## Dataset entries
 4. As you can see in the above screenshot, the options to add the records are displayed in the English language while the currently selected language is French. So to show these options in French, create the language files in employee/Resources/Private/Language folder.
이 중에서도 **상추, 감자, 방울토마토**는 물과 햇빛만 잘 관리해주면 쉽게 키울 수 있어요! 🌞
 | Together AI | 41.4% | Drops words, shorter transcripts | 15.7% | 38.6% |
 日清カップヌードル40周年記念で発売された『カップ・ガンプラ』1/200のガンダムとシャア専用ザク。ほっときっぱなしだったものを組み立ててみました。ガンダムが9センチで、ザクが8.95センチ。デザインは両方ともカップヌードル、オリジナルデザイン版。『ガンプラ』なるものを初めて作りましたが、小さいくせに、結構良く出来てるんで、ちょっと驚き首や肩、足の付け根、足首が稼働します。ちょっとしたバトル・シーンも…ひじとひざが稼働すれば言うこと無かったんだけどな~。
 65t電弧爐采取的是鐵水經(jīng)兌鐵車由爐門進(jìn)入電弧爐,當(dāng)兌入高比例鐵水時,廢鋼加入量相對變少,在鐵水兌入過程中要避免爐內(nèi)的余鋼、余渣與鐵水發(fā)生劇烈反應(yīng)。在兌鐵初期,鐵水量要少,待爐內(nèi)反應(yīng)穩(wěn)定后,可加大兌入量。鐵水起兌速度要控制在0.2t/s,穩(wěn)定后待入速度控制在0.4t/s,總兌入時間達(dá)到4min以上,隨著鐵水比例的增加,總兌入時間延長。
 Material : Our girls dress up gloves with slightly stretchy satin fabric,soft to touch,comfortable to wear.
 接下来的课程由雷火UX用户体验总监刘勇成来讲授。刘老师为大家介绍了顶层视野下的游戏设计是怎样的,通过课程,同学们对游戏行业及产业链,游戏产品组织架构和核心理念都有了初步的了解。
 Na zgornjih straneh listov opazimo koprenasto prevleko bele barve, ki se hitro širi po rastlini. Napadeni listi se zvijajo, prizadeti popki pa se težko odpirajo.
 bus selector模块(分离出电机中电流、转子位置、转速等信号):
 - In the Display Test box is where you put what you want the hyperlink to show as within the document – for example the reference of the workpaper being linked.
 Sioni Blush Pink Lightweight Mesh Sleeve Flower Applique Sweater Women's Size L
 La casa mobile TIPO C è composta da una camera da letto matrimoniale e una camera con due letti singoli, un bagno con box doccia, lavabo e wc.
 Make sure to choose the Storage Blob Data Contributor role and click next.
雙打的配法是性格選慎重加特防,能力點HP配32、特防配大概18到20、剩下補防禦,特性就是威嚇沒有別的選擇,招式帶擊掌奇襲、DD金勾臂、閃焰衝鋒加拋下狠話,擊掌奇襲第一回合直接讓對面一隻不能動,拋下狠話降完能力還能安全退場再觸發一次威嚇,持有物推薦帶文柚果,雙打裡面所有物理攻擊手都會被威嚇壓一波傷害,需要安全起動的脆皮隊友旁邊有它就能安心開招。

## EXERCISE
Look above for the line with "Na zgornjih straneh" and the line with "Sioni Blush Pink", and reproduce exactly those two lines plus every line between, nothing more.

## TASK RESULT
 Na zgornjih straneh listov opazimo koprenasto prevleko bele barve, ki se hitro širi po rastlini. Napadeni listi se zvijajo, prizadeti popki pa se težko odpirajo.
 bus selector模块(分离出电机中电流、转子位置、转速等信号):
 - In the Display Test box is where you put what you want the hyperlink to show as within the document – for example the reference of the workpaper being linked.
 Sioni Blush Pink Lightweight Mesh Sleeve Flower Applique Sweater Women's Size L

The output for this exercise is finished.